- _Action item_
Repeat exactly, and nothing more, the lines from the one that includes "6회초 무사 주자 1루" through the final line of the entries; skip the pictures.

#### Given information

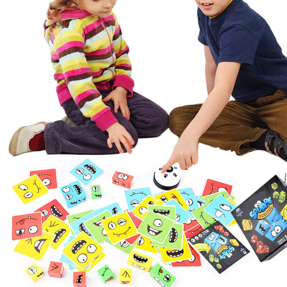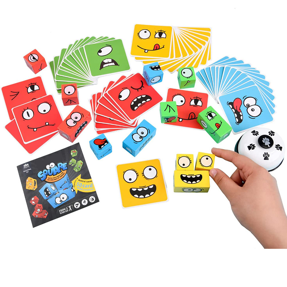 Jedno oko tutaj, uśmiech tam. Szybko! Ułóż klocki zgodnie z wylosowana kartą. Czy twoja twarz będzie zaskoczona, smutna, szczęśliwa a może wszystkiego po trochu?
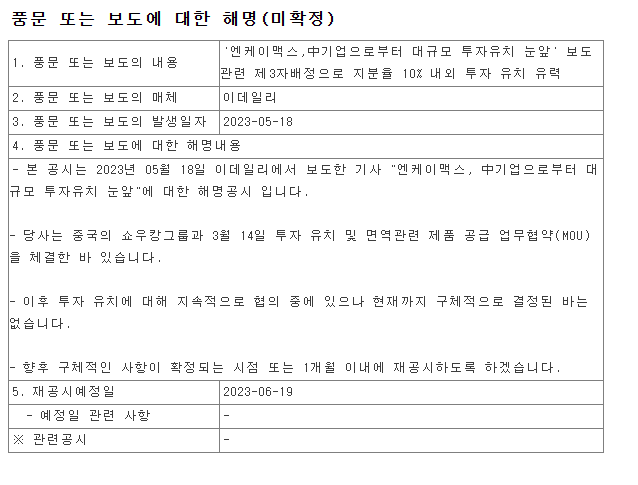 엔케이맥스는 중국 기업으로부터 대규모 투자유치 눈앞이라는 보도 관련으로 제삼자배정으로 지분율 10% 내외 투자유치 유력이라는 내용에 대해 구체적으로 결정된 바가 없다고 공시했습니다. 덧붙여 향후 구체적인 사항이 확정되는 시점 또는 1개월 이내에 재공시하도록 할 예정이며, 공시예정일은 6월 19일입니다.
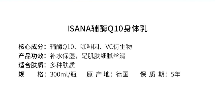 【郑州保税】德国ISANA辅酶Q10身体乳300ml/瓶*2
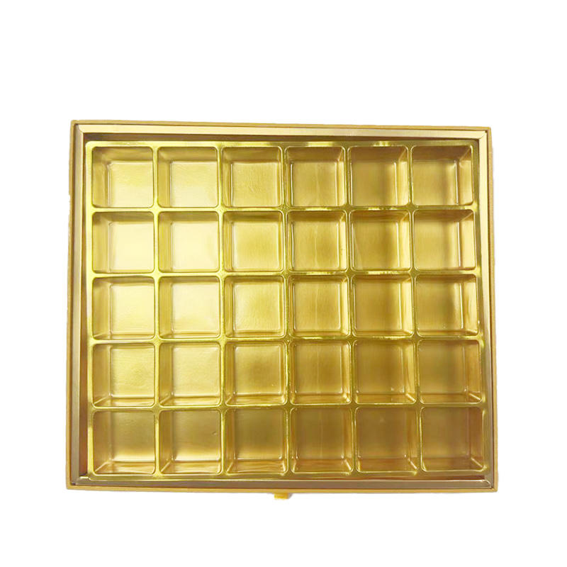 Boîte à chocolats dorée en gros avec fenêtre transparente, plateau coulissant et séparateurs en plastique pour pralines, bonbons, panier cadeau de mariage
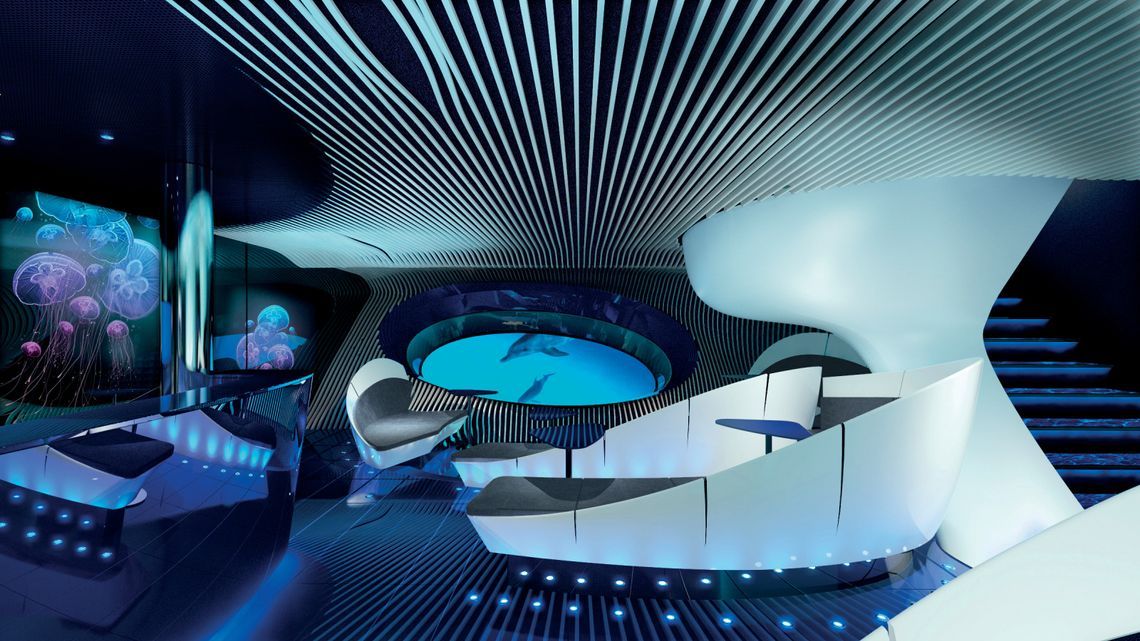 Мультисенсорная подводная зона Blue Eye - уникальное пространство, находясь в котором гости могут "слиться" с неверотным подводным миром: освещение зала позволяет наблюдать за зрелищем, разворачивающемся снаружи, через интегрированные цифровые экраны, на которые проецируются изображения, снятые тремя подводными камерами. Звуковой дизайн зала позволяет гостям опыт уникального акустического погружения. Расположившись на уютных диванах, гости имеют возможность получить уникальный иммерсивный звуковой опыт - уникальное сенсорное слушание через телесные вибрации. Это приближает посетителей к морским млекопетающим, которых они могут видеть и слышать позади гигантских иллюминаторов.
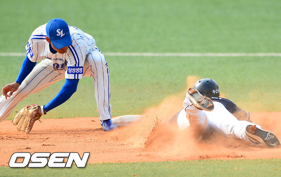 6회초 무사 주자 1루 두산 양의지 타석에서 1루 주자 허경민이 2루 도루에 성공하고 있다.
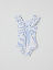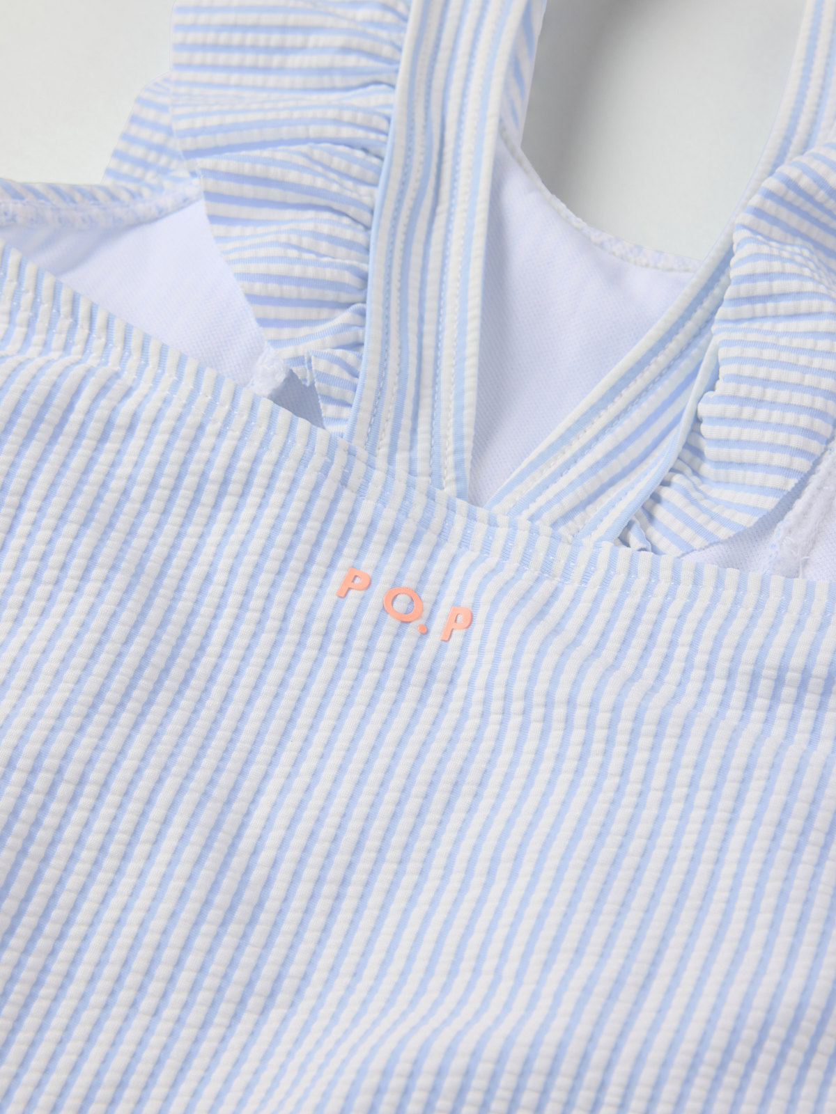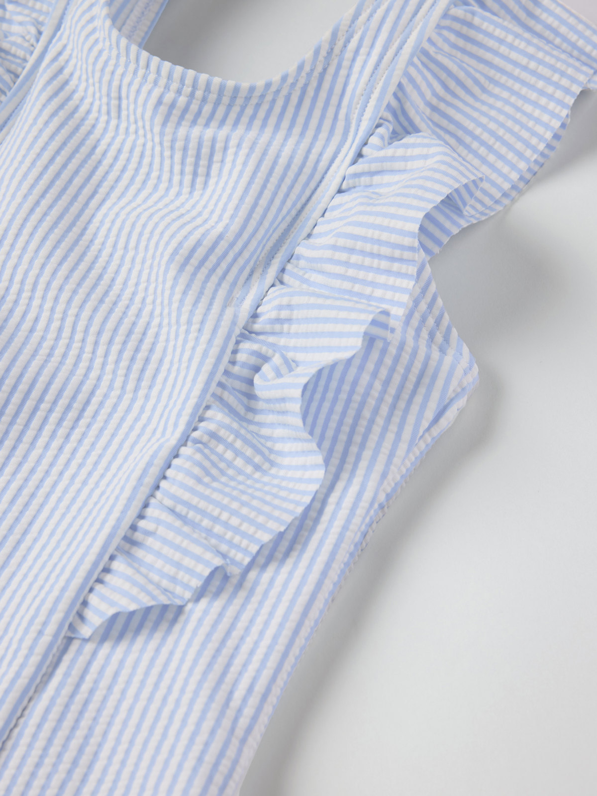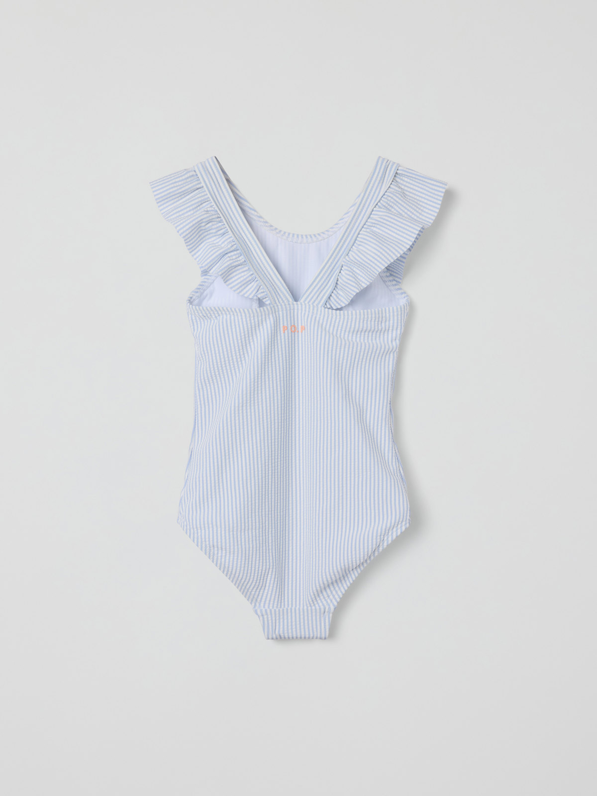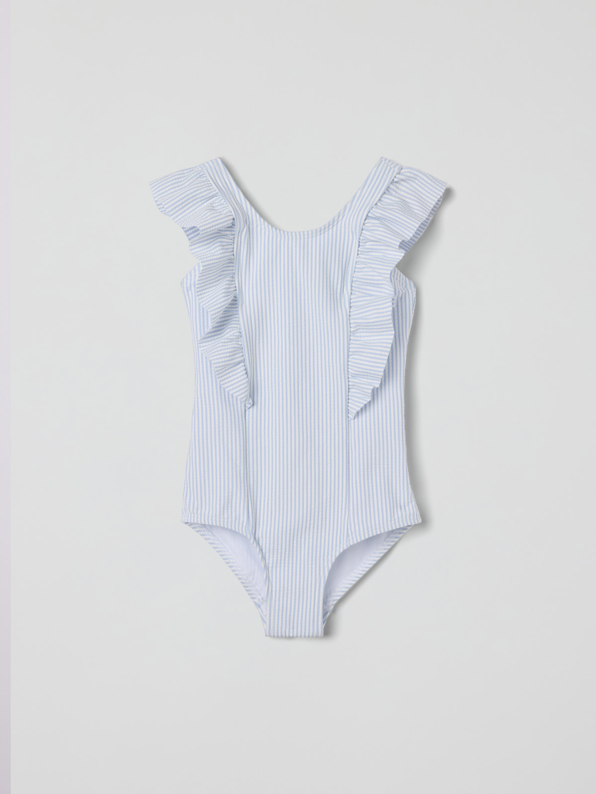Striped swimsuit in soft and stretchy fabric made from recycled polyester and polyamide. The swimsuit is fully lined and has wide shoulder straps with cute ruffles over the shoulders.

########

- _Solution for this problem_
 6회초 무사 주자 1루 두산 양의지 타석에서 1루 주자 허경민이 2루 도루에 성공하고 있다.
Striped swimsuit in soft and stretchy fabric made from recycled polyester and polyamide. The swimsuit is fully lined and has wide shoulder straps with cute ruffles over the shoulders.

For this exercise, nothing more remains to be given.